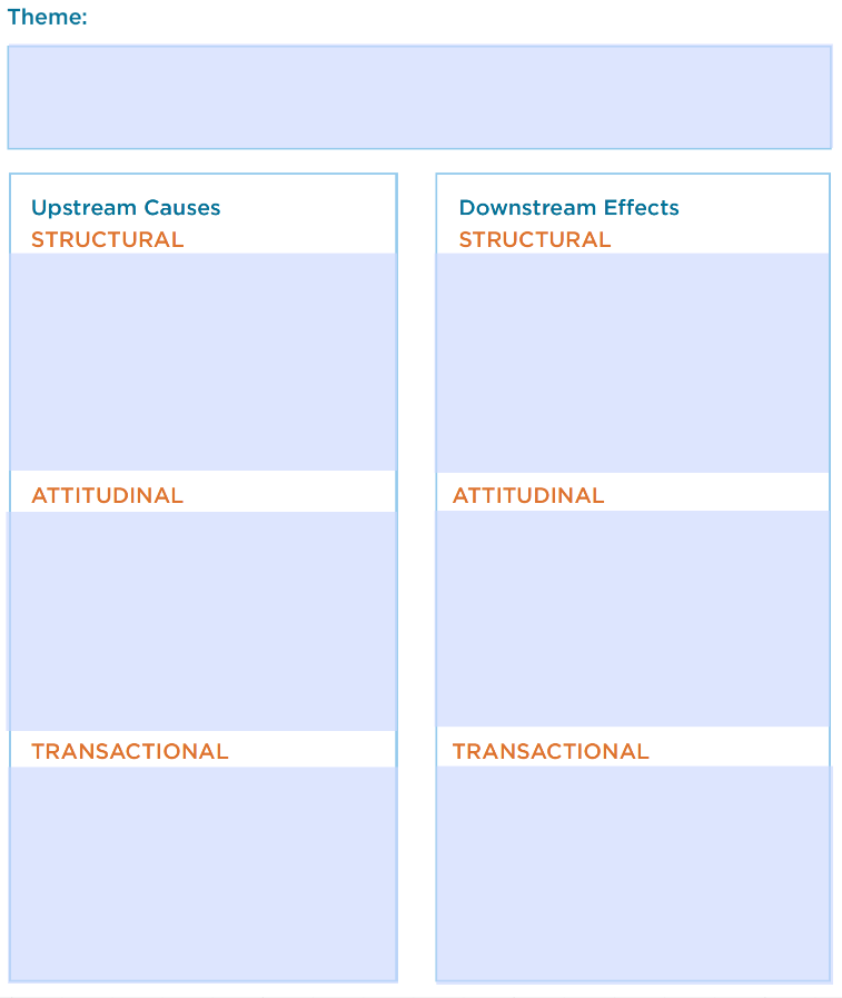 In this step you will do a deep dive into the prioritized themes you captured and begin to explore their upstream causes and downstream effects. We are going to use something called SAT analysis—a structured way of making sure we are looking at the system holistically. The causal relationships we illuminate in this step will be the major inputs for drawing connections between factors in your systems map moving forward.
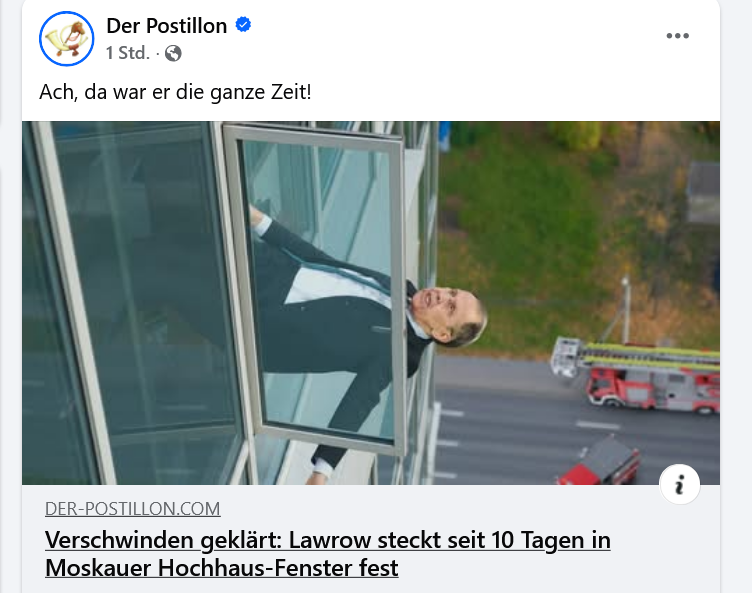 Der russische Außenminister Lawrow wurde für ca. 2 Wochen bis gestern nicht gesehen. Die Spekulationen der internationalen Presse, ob und warum er bei Putin in Ungnade gefallen sein könnte, nehmen zu:
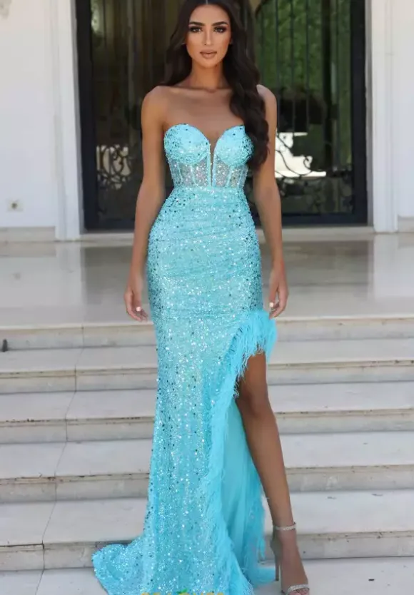 Strike a pose in exuberant style PS23029 by Portia and Scarlett. Stunning and on trend, this fitted dress features a dazzling corset bodice complemented by a strapless sweetheart neckline. The dazzling fitted skirt showcases a classic sweep train and an open thigh high slit fully lined in soft feathers.
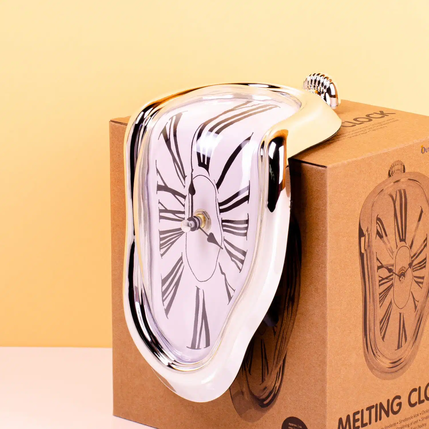 Het is een kunstwerk voor in huis: de smeltende klok. Natuurlijk herkent zelfs de grootste kunstkenner hem: deze smeltende klok is geรฏnspireerd op het werk van Salvador Dalรญ. Het is een originele klok met een twist: zet hem dus op een kast of plank. Het is het perfecte cadeau om je liefde voor kunst in huis te tonen.
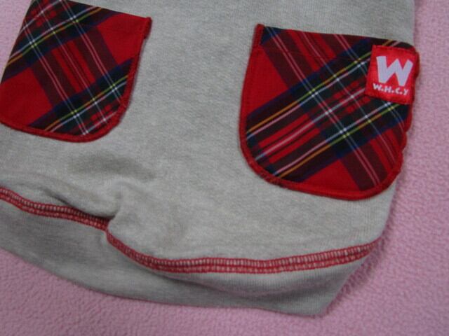 WHCY ウォームハートカンパニー SS-Mサイズ 胴回り44㎝ 襟付きスエットベスト レッドチェック・ベージュ 美品中古
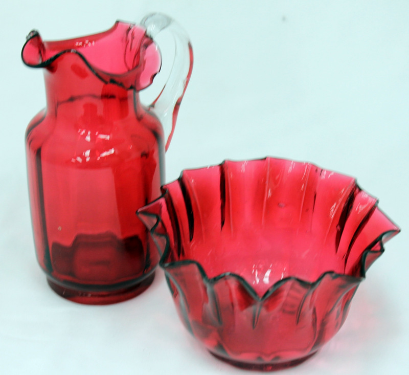 Lot 148 - Coloured glass planter and pitcher £22 |
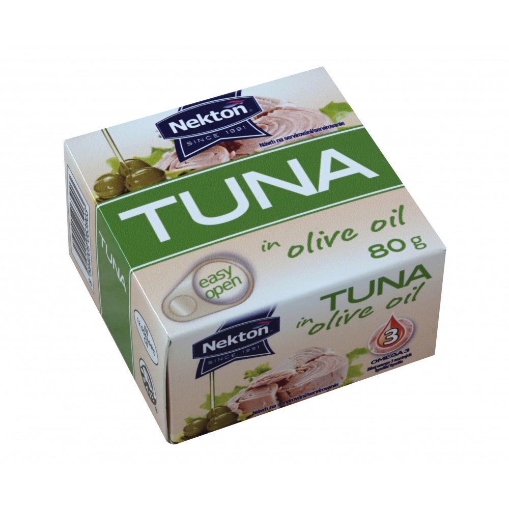 Tuňák v olivovém oleji ve sterilované konzervě od Nektonu — 80 g.
══════════════════════════════
> _WORK TASK_: The data above should be returned in full, exactly as written, apart from its images.

> _ANSWER SPACE_:
 In this step you will do a deep dive into the prioritized themes you captured and begin to explore their upstream causes and downstream effects. We are going to use something called SAT analysis—a structured way of making sure we are looking at the system holistically. The causal relationships we illuminate in this step will be the major inputs for drawing connections between factors in your systems map moving forward.
 Der russische Außenminister Lawrow wurde für ca. 2 Wochen bis gestern nicht gesehen. Die Spekulationen der internationalen Presse, ob und warum er bei Putin in Ungnade gefallen sein könnte, nehmen zu:
 Strike a pose in exuberant style PS23029 by Portia and Scarlett. Stunning and on trend, this fitted dress features a dazzling corset bodice complemented by a strapless sweetheart neckline. The dazzling fitted skirt showcases a classic sweep train and an open thigh high slit fully lined in soft feathers.
 Het is een kunstwerk voor in huis: de smeltende klok. Natuurlijk herkent zelfs de grootste kunstkenner hem: deze smeltende klok is geรฏnspireerd op het werk van Salvador Dalรญ. Het is een originele klok met een twist: zet hem dus op een kast of plank. Het is het perfecte cadeau om je liefde voor kunst in huis te tonen.
 WHCY ウォームハートカンパニー SS-Mサイズ 胴回り44㎝ 襟付きスエットベスト レッドチェック・ベージュ 美品中古
 Lot 148 - Coloured glass planter and pitcher £22 |
 Tuňák v olivovém oleji ve sterilované konzervě od Nektonu — 80 g.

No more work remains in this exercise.